Armesto has also been in two stories of the British sic-fi series Doctor Who ("Bad Wolf/The Parting of the Ways" [2005] and "Human Nature/Family of Blood" [2007]). He has also played Simon in "Nanny McPhee", and played a cameo role as a First Order officer in "Star Wars Episode VII: The Force Awakens" [2015].


Armesto has acted in high-profile theatre productions in Britain, including three shows at the National Theatre and one at the Royal Court. He also writes and directs theatre with company Simple 8. His productions include directing and adapting Les Enfants du Paradis to great acclaim.[2] Most recently, he co-wrote and directed a play based on William Hogarth's The Four Stages of Cruelty[3] and new versions of The Cabinet of Dr.
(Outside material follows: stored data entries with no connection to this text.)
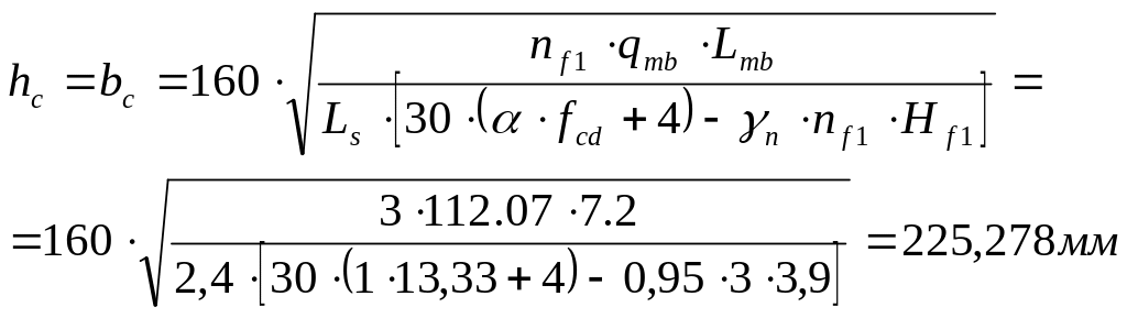 Сторона квадратного сечения колонны определяется следующим образом: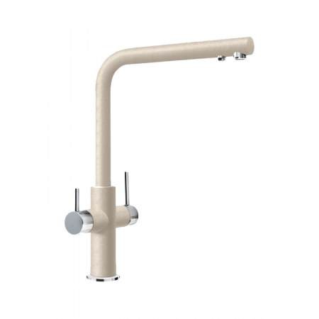 Смеситель Neptune Clear Water предназначен для присоединения к водопроводной и фильтрованной воде. Один рычаг включает холодную и горячую воду, другой - фильтрованную.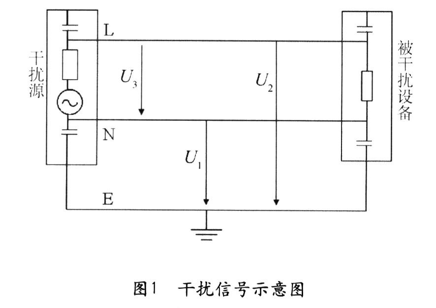 实际上EMI电源滤波器起两种低通滤波器的作用:衰减共模干扰和衰减差模干扰。对任何电源线上的传导干扰信号,都可以用共模和差模干扰信号来表示。并且可把L—E和N—E之间的共模干扰信号、L—N之间的差模干扰信号看作独立的EMI源,把单相电源内的L—E、N—E和L—N看作独立网络端口来分析EMI信号和有关的滤波网络。图1中,U1和U2为共模干扰信号,U3为差模干扰信号。
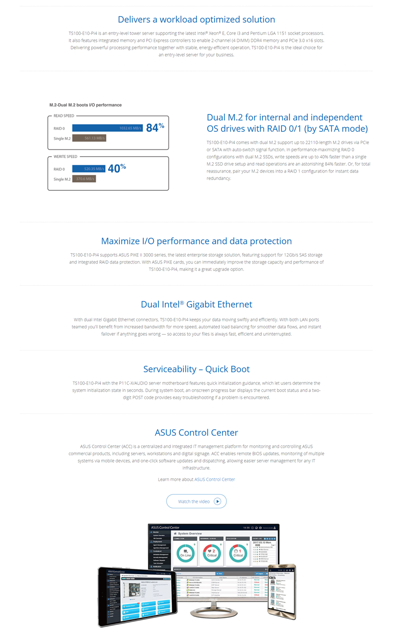 | Product Description | ASUS TS100-E10-PI4 - tower - no CPU - 0 GB |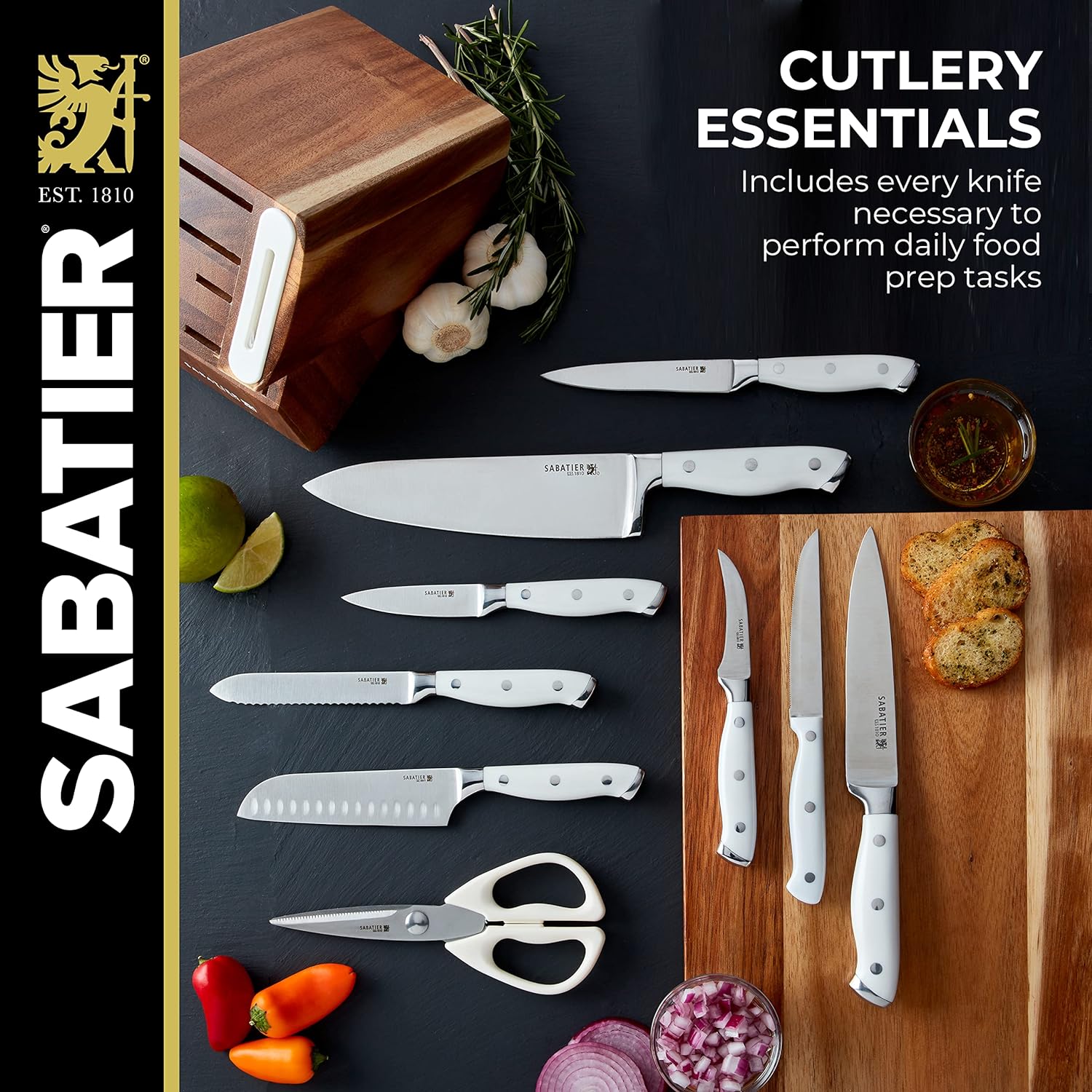 The Sabatier 15-Piece Forged White Triple Rivet Knife Block Set is the perfect blend of innovation, performance, and style. Designed with a built-in universal EdgeKeeper sharpener, this patented technology makes it easy to maintain razor-sharp blades right from your countertop. Simply insert your knife into the slot and glide it through the ceramic rods for quick and efficient sharpening — no separate tools needed.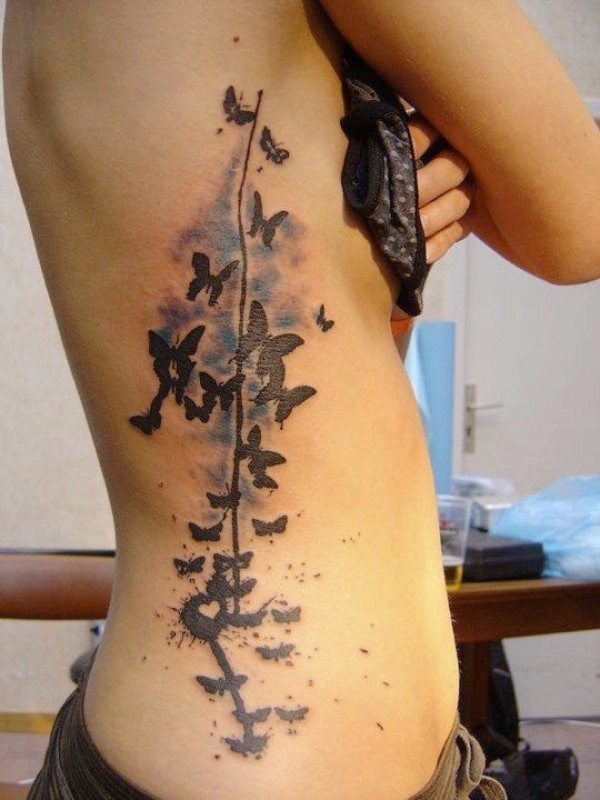 水彩画侧肋好多漂亮的蝴蝶纹身图案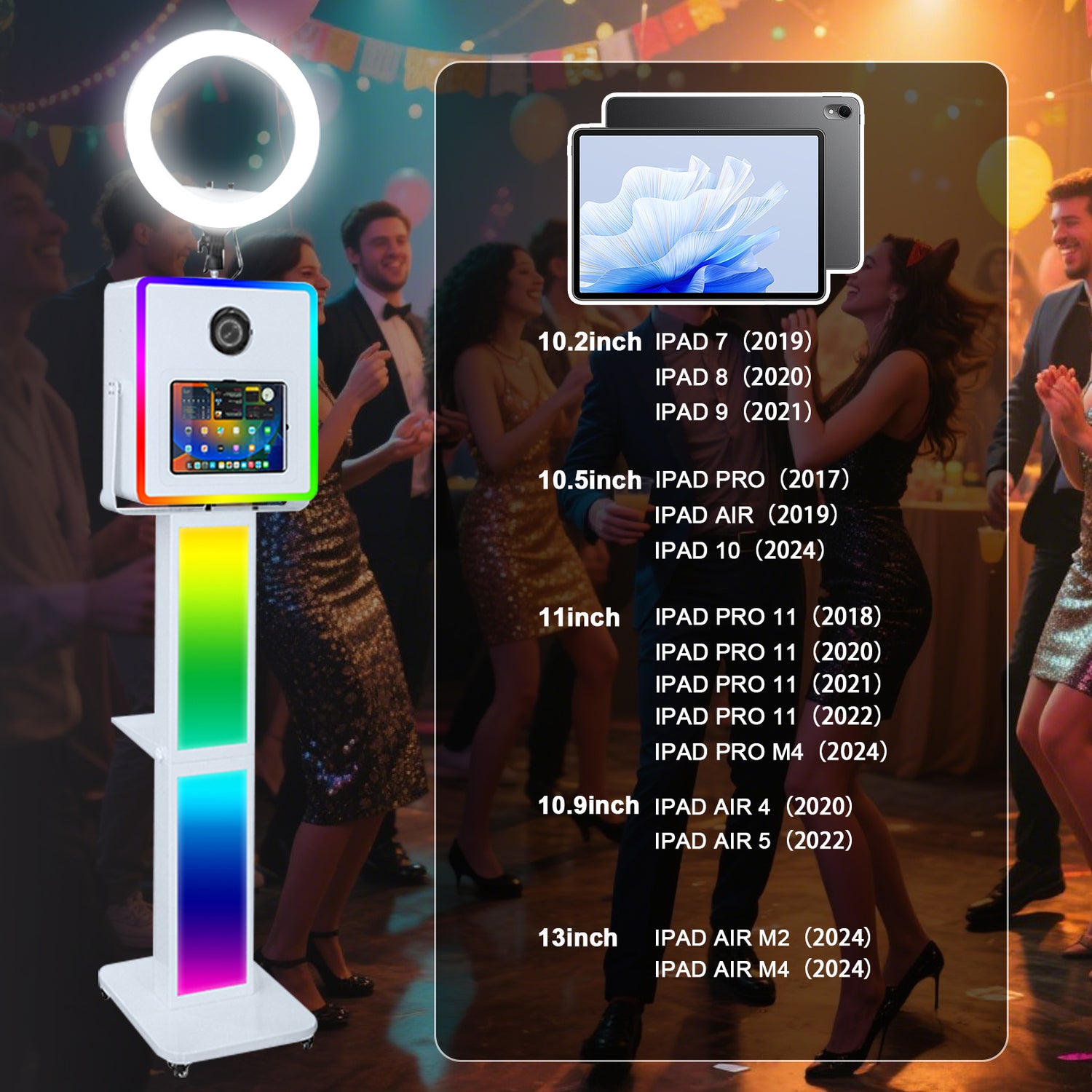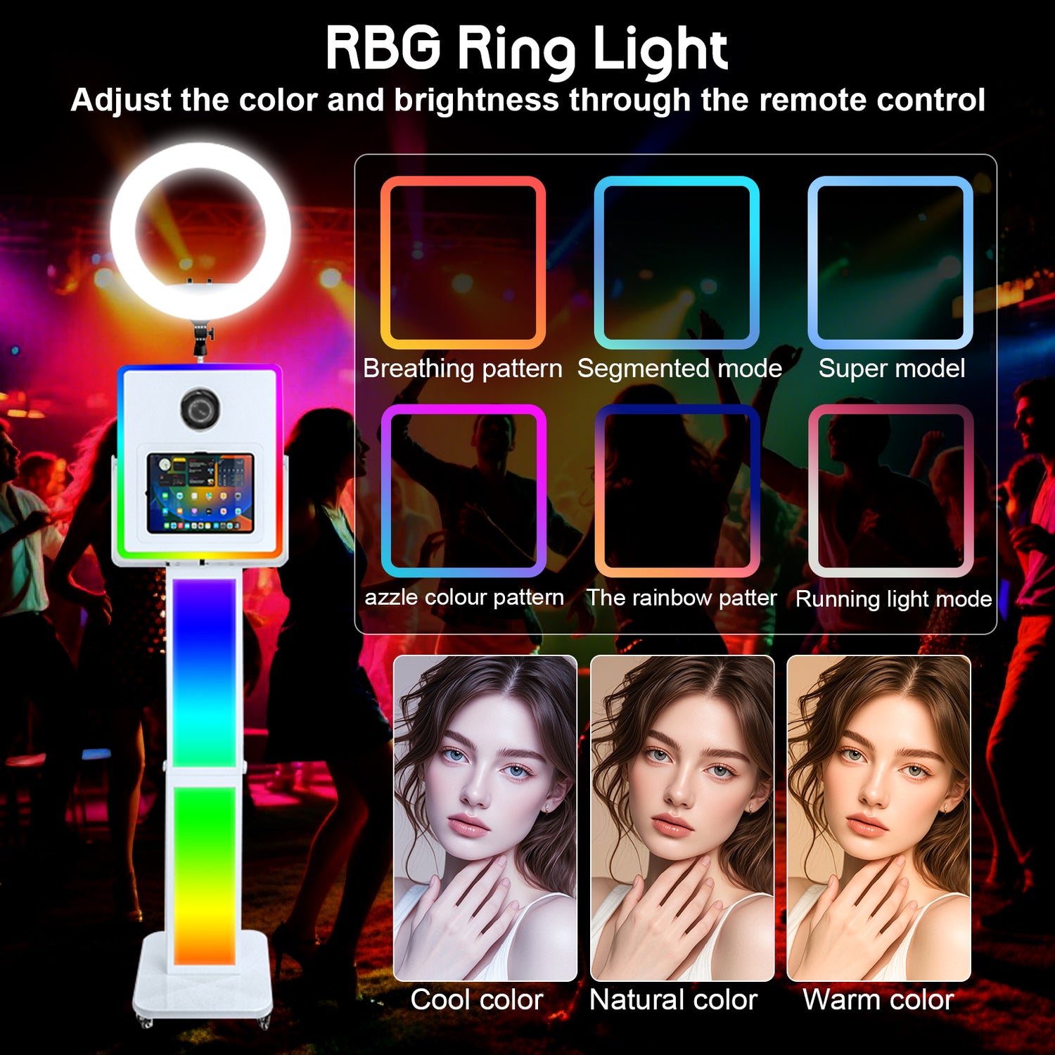 3 in 1 Portable Photo Booth Machine for Ipad 10.2" 10.9" 11" 12.9'' PhotoBooth Stand Shell Provide Cyratok Software RGB Ring Light Music Sync Aluminum Alloy Selfie Photo Booth for Parties Weddings Events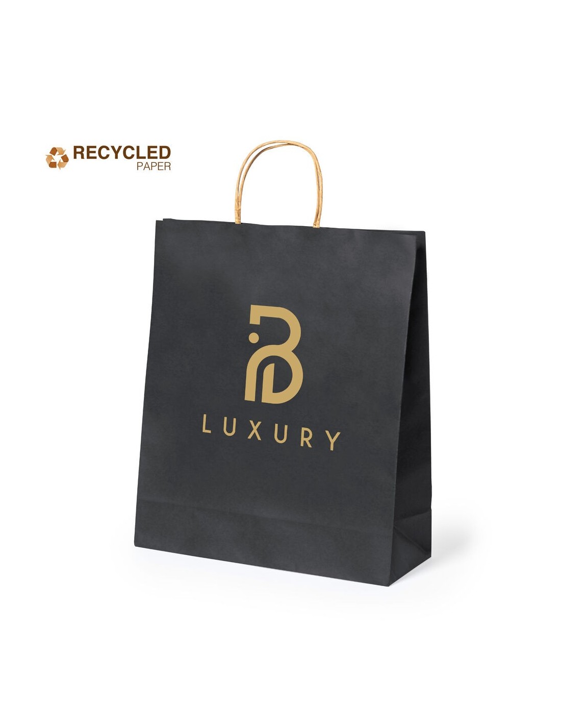 Bolsa de línea nature, fabricada en papel reciclado acabado en negro de 100g/m2, con asas cortas reforzadas en tono natural y fuelle. Resistencia hasta 8 kg de peso.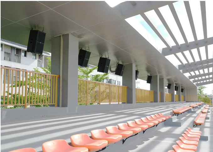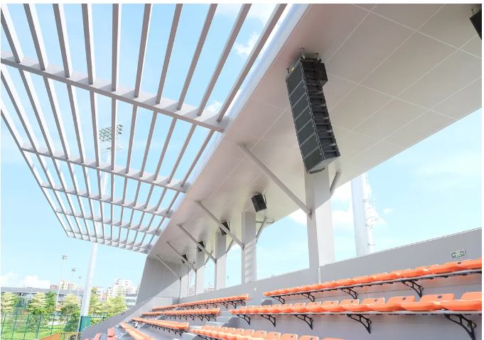 訓(xùn)練場地 本項目訓(xùn)練場地分為三個,在系統(tǒng)設(shè)計期間,考慮到三個場地的設(shè)計結(jié)構(gòu)基本相同,最終采用相同的訓(xùn)練場館擴聲系統(tǒng),使得整個深圳市青少年足球訓(xùn)練基地擴聲系統(tǒng),無論是從視覺上還是聽音效果上,都達(dá)到了完美的風(fēng)格和諧統(tǒng)一。 訓(xùn)練場地一和訓(xùn)練場地二的主擴聲系統(tǒng)采用了32只MISSION的MSW系列全頻防水音箱。兩個場地各采用了16只MSW9012F和MSW9015F的防水線陣系統(tǒng),分布懸掛于兩個場地觀眾席上方覆蓋全場,各搭配8臺MI1300的功率放大器,將MSW系列全頻防水音箱性能發(fā)揮到極致。 訓(xùn)練場地三采用了16只MSW9012F全頻防水音箱固定安裝于墻頂,MSW系列的安裝方式非常靈活,可根據(jù)不同的項目情況進(jìn)行靈活安裝,適合各類墻面安裝應(yīng)用,同時搭配8臺MI1300的功率放大器,使其聲音能量均勻覆蓋聽音區(qū)。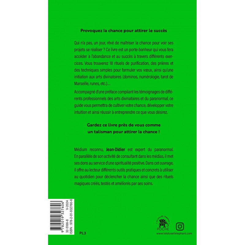 Accompagné d'une préface compilant les témoignages de différents professionnels des arts divinatoires et du paranormal, ce guide vous permettra de cultiver votre chance, développer votre intuition et ainsi réussir à entreprendre ce que vous désirez. Gardez ce livre près de vous comme un talisman pour attirer la chance ! Médium reconnu, Jean-Didier est expert du paranormal. En parallèle de son activité de consultant dans les médias, il met ses dons au service d'une spiritualité positive.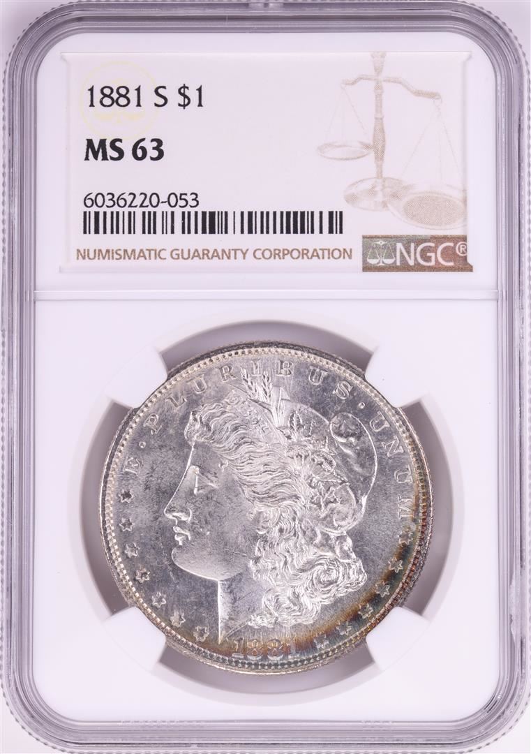 One 1881-S $1 Morgan Silver Dollar Coin NGC MS63 Nice Toning. NGC Certified.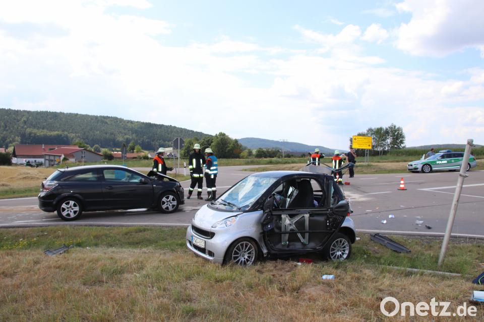 (td) Es war kurz nach mittag, als die Sirenen heulten und die Feuerwehren aus Diendorf und Unteraich zu einem Verkehrsunfall riefen, der sich bei Willhof, Gemeinde Altendorf, zugetragen hatte. Auf der großen Kreuzung von Staatsstraße und Kreisstraße waren zwei Autos ineinander gekracht. "Ich war von Nabburg aus auf der Staatsstraße unterwegs zu einem Reiterhof, um dort mit meiner Familie über das Wochenende Urlaub zu machen", sagte ein 53-jähriger Mann aus Hessen, der allein in seinem Opel Astra sass und wusste, dass er auf der Vorfahrtsstraße unterwegs ist. Plötzlich sei von rechts, von Willhof her, ein kleiner Smart auf die Kreuzung geschossen und habe den Astra vorne voll erwischt. Der Smart wurde dabei ausgehebelt und überschlug sich. In ihm sass auch nur eine Person - eine Frau mittleren Alters aus dem Landkreis Neumarkt. Sie erlitt bei der Kollision leichte Verletzungen, wegen denen sie vom Roten Kreuz ins Krankenhaus gebracht wurde.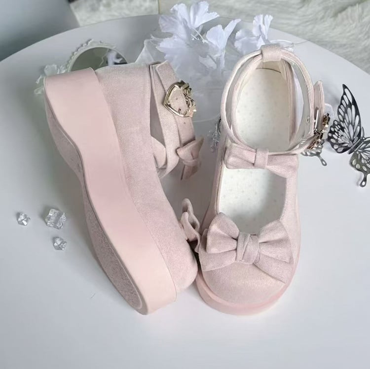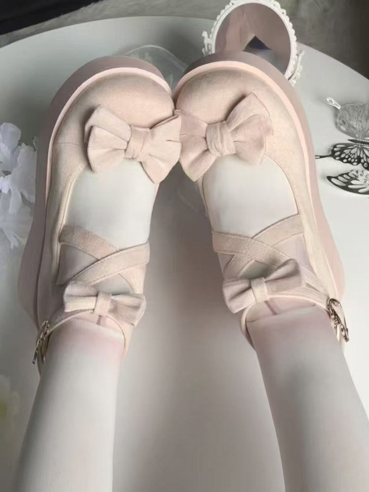 Suede Pink Sweet Lolita Shoes with Snap Design and Bow Details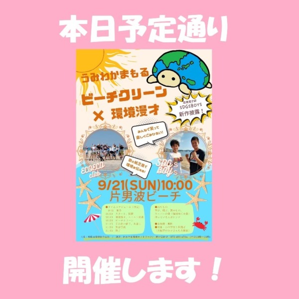 ★11/23『うみわかまもるビーチクリーン』in 片男波ビーチ★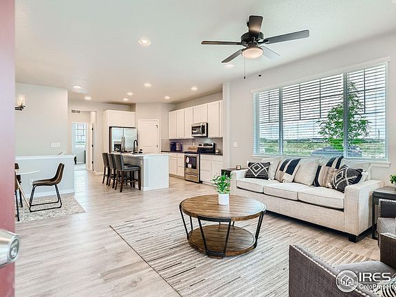 ** Builder is offering a $4050 closing cost incentive ** This remarkable lock-and-leave townhome offers effortless single-story living with the upscale craftsmanship for which Windmill Homes is renowned, including features such as quartz countertops, custom-tiled backsplash, laminate wood floors, stainless steel appliances, and more. The attached 2-car garage ensures secure parking, while the expansive unfinished basement offers versatile options for storage or future expansion. Notably, this home boasts 34" wide door openings, a seamless, stair-free front entry, and a zero-threshold primary shower. As a Brookstone resident, you'll enjoy exclusive benefits, such as an annual complimentary aquatics pass for Milliken Pool. This pass provides access to a wide range of activities for the entire family, including access to swim lessons, senior water walking, open swim, and more! Located just moments away from Milliken's premier Centennial Park, you'll have the opportunity to enjoy the lake, go fishing, unwind at the Milliken pool, let your dog roam freely at the dog park, play frisbee golf, or make use of the Thompson Rivers Park and Rec center facility. The convenience extends to education, with two exceptional charter schools within walking distance, highlighting how the Brookstone townhomes by Windmill Homes cater to the needs of the community. Relax and reclaim your time with the assistance of the HOA, as exterior maintenance tasks are taken off your chore list.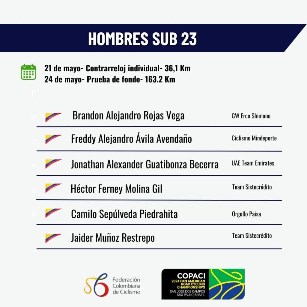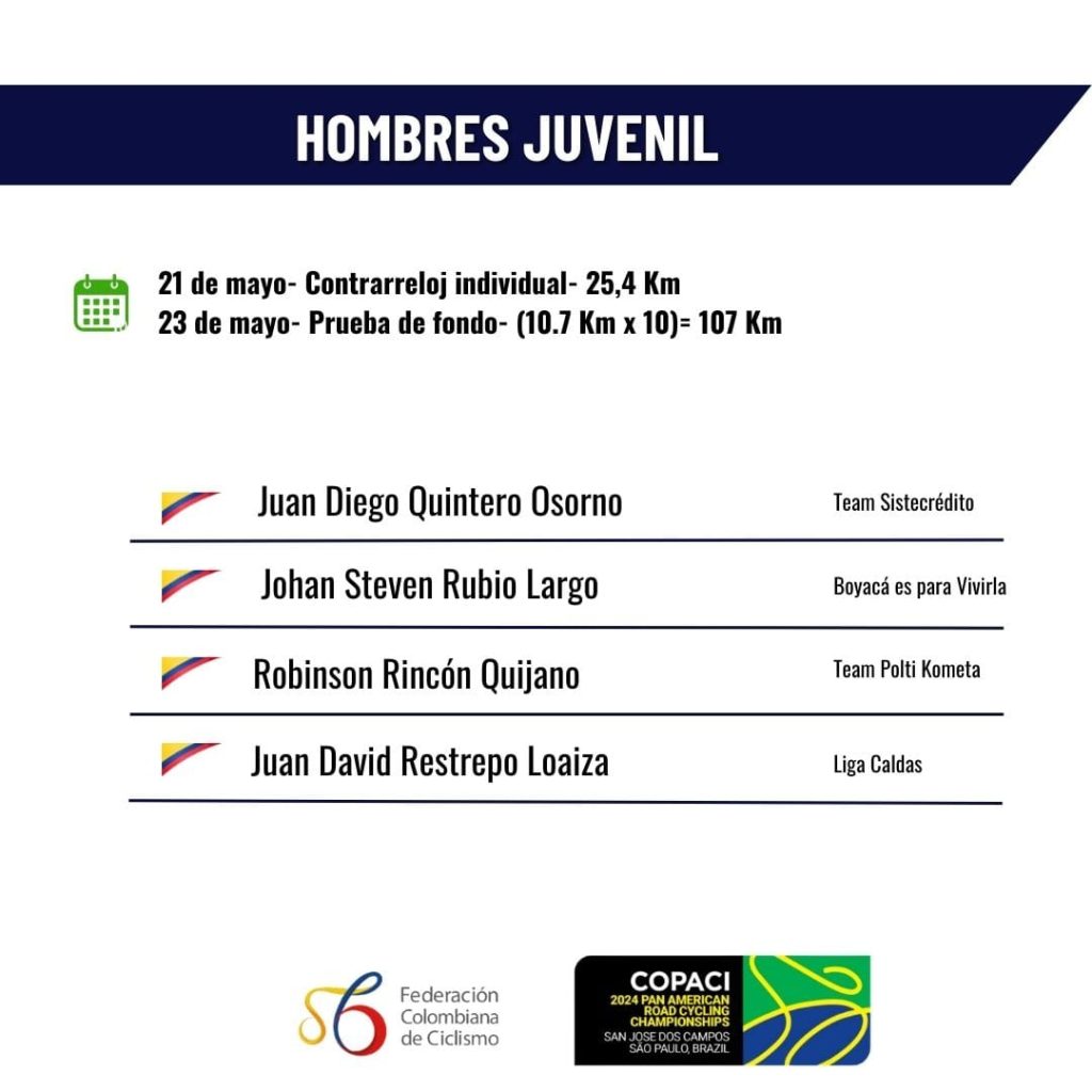 El campeón de la vuelta de la Juventud , Héctor Ferney Molina ,lidera la escuadra sub 23 ,en tanto que la campeona nacional Diana Peñuela con Lina Hernández ,comandan la elite de las damas y el campeón del Porvenir Juan Diego Quintero la categoría juvenil.

Caligari and Moby-Dick.



  1. ^ Banks-Smith, Nancy (15 January 2008). "G2: Last night's TV: The Palace is not only tosh - it will never top the antics of the real royal family". The Guardian. p. 31.
  2. ^ McGinn, Caroline (26 May 2011). "Theatre - Psycho's progress; Adam Brace and Sebastian Armesto visit the London roots of their Hogarth-inspired drama with Caroline McGinn. Portrait Rob Greig". Time Out.
  3. ^ Mountford, Fiona (31 May 2011). "Wild Times and Rich Promise". The Evening Standard.